A 15 minuti dal termine Manning con poco più di 100 yards lanciate, un intercetto e zero Touchdown pass (le peggiori stats mai viste in un Super Bowl) ha in mano la partita ma la sua stabilità viene messa ancora a dura prova dalla difesa di Panthers che stavolta ricambiano il favore e grazie al terzo Sack di Ealy recuperano palla a centrocampo. Manning è spento, Newton si accende per accorciare le distanze stavolta grazie al piede di Gano. La partita va avanti e quello che succede tiene fede al motto di Vince lombardi “l’attacco vende i biglietti, ma è la difesa che vince le partite”.

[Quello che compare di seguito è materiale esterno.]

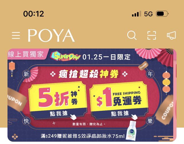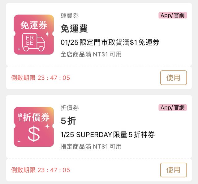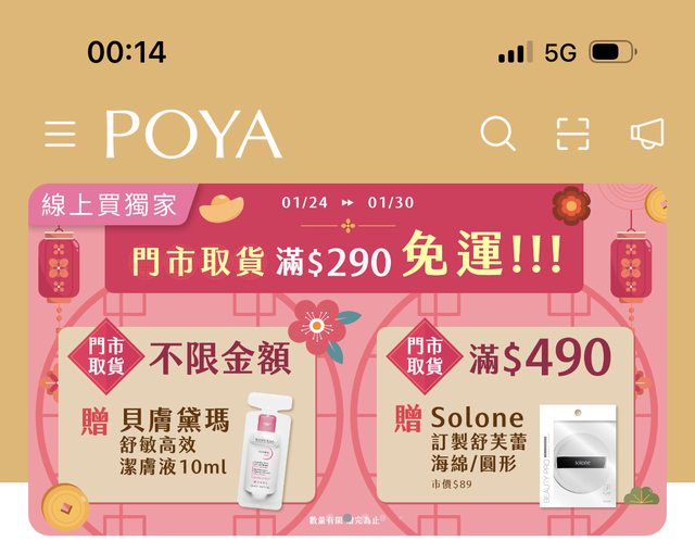更新:版友回報沒了 寶雅APP 1/25有五折券(-100)跟免運券 https://i.imgur.com/W1ftk9s.jpg

Denver non avanza ma ci pensa la difesa a chiudere la gara con la solita manovra: Sack sul povero e indifeso Newton, palla recuperata e un paio di yards da correre per Anderson che con la giocata da due punti manda tutti a casa.  Quello che avanza è garbage time, la difesa arancione ha fatto il suo capolavoro e, mentre piovono altri Sack, è un difensore, Von Miller, a vincere il titolo di miglior giocatore della serata a coronamento di una gara sensazionale. Nel tripudio di Santa Clara Manning con la peggiore statistica di un QB al  Super Bowl si gode la pensione con l’anello che gli mancava dai tempi di Indianapolis e la festa è tutta per Denver capace sul campo di ottenere una vittoria meritata con una prestazione difensiva che di certo entrerà nella storia.